= Physical coding sublayer =

Networking protocol sublayer

The physical coding sublayer (PCS) is a networking protocol sublayer in the Fast Ethernet, Gigabit Ethernet, and 10 Gigabit Ethernet standards. It resides at the top of the physical layer (PHY), and provides an interface between the physical medium attachment (PMA) sublayer and the media-independent interface (MII). It is responsible for data encoding and decoding, scrambling and descrambling, alignment marker insertion and removal, block and symbol redistribution, and lane block synchronization and deskew.

== Description ==
The Ethernet PCS sublayer is at the top of the Ethernet physical layer (PHY). The hierarchy is as follows:

- Data link layer (Layer 2)
  - Logical link control (LLC) sublayer
  - Medium access control (MAC) sublayer
    - Reconciliation sublayer (RS)This sublayer processes PHY local/remote fault messages and handles DDR conversion
- PHY Layer (Layer 1)
  - Physical coding sublayer (PCS)This sublayer determines when a functional link has been established, provides rate difference compensation, and performs coding such as 64b/66b encoding and $x^{58}+x^{39}+1$ scrambling/descrambling
  - Physical medium attachment (PMA) sublayerThis sublayer performs PMA framing, octet synchronization/detection, and $x^{7}+x^{6}+1$ scrambling/descrambling
  - Physical medium dependent (PMD) sublayerThis sublayer consists of a transceiver for the physical medium

== Specifications ==

===10 Mbit/s Ethernet===
- Classic Ethernet uses Manchester code in the Physical signaling sublayer (PLS), encoding each bit as a high-low (logical zero) or low-high transition (logical one).

===Fast Ethernet ===
- 100BASE-X for fiber (100BASE-FX) and twisted pair copper (100BASE-TX) encodes data nibbles to five-bit code groups (4B5B).

=== Gigabit Ethernet ===
- 1000BASE-X for fiber and 150 Ω balanced copper (twinaxial) uses 8b/10b encoding with a symbol rate of 1.25 GBd.
- 1000BASE-T for twisted pair copper splits the data into four lanes and uses four-dimensional, five-level (quinary) trellis modulation with PAM-5 and a symbol rate of 125 MBd.

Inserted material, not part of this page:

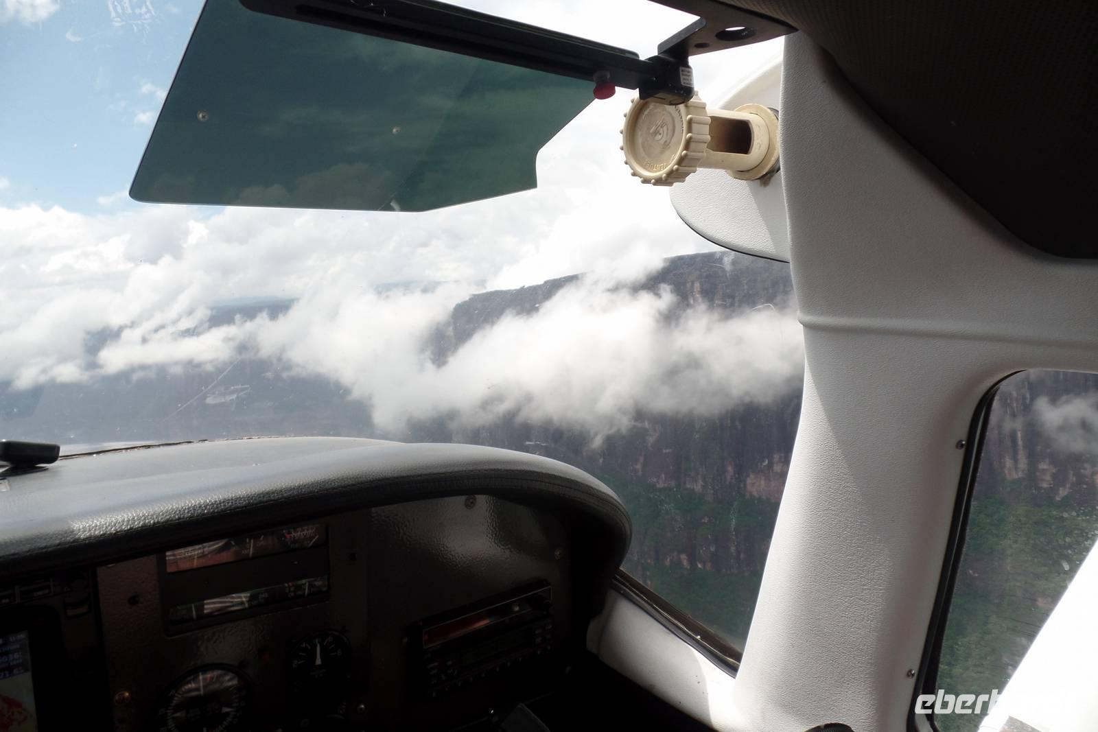 Am spät vormittags fliegten wir ab Puerto Ordaz noch weiter nach Süden (ca. 1 Stunde) in den weltberühmten Nationalpark Canaima. Wir fliegen nur mit Handgepäck in einer kleinen CESNA Maschine für nur 5 Personen nach Canaima. Da wir mit Nelson 15 sind, teilten wir uns in 3 „Skuadronen". Nach ca. 1 Stunden Flug in eine andere Welt und bevor wir in Canaima landeten, werden wir einer des bestens Überflugs unseres Lebens erfahren. Wir überfliegen mehr als einen halben Stunde Flugzeit den Canaima-Nationalpark und die beeindruckenden Tafelberge. Bald zeigt sich uns der Wasserfall „Salto Angel", mit fast keinen Wolken. Einmalig. Der Pilot hatte Zeit für uns und keine Eile und überflog 3 Mal über verschiedene Perspektive den grössten Wasserfall der Welt extra für uns! Die Natur auf den Tafelberge da oben war total anders. Es war wie eine andere Welt oder „The Lost World". Die weite Prärie der Gran Sabana mit den malerischen Tafelbergen und den wasserreichen Flussläufen steht dazu im schönen Kontrast. Ein Höhepunkt unserer Rundreise, der Flug über den Tafelberg "Auyantepuy" und den höchsten Wasserfall der Welt - Salto Angel ist in Erfüllung gegangen! Wir überfliegten die imposanten Tafelberge Tepuys im Tiefflug und sehen den 978 Meter hohen Wasserfall Salto Angel in seiner vollen Pracht aus nächster Nähe!!!

===2.5 and 5 Gigabit Ethernet===
- 2.5GBASE-T and 5GBASE-T use the same encoding as 10GBASE-T slowed by a factor of four or two, respectively.

=== 10 Gigabit Ethernet ===
- 10GBASE-R (LAN) is the serial encoded PCS using 64b/66b encoding that allows for Ethernet framing at a rate of 10.3125 Gbit/s. This rate does not match the rate 9.953 Gbit/s used in SONET and SDH and is not supported over a WAN based on SONET or SDH.
- 10GBASE-X (LAN/WAN) uses 8b/10b encoding over four lanes at 3.125 GBd each and is used for 10GBASE-LX4 (single-mode and multi-mode fiber), 10GBASE-CX4 (twinax), and 10GBASE-KX4 (backplane).
- 10GBASE-W (WAN) defines WAN encoding for 10GbE. It uses 64/66b encoding and lowers the MAC rate to 9.95 Gbit/s, so that is compatible with SONET STS-192c data rates and SDH VC-4-64 transmission standards when wrapped into a SONET frame.
- 10GBASE-T for twisted-pair copper splits the data into four lanes, and uses 64b/65b encoding, scrambling, and 128 double-square (DSQ128) checkerboard encoding with PAM-16 generated at 800 MBd.

=== 25 Gigabit Ethernet ===
- 25GBASE-R uses the same 64b/66b encoding as 10GBASE-R with a speed-up to 25.78125 GBd.

=== 40/100 Gigabit Ethernet ===
- 40GBASE-R and 100GBASE-R use 64b/66b encoding over multiple lanes of 10.3125 GBd or 25.78125 GBd each. These lanes – four for 40 Gbit/s, four or ten for 100 Gbit/s per direction – are either transmitted separately over short distance or together with coarse wavelength division multiplexing on long distance fiber (-LR).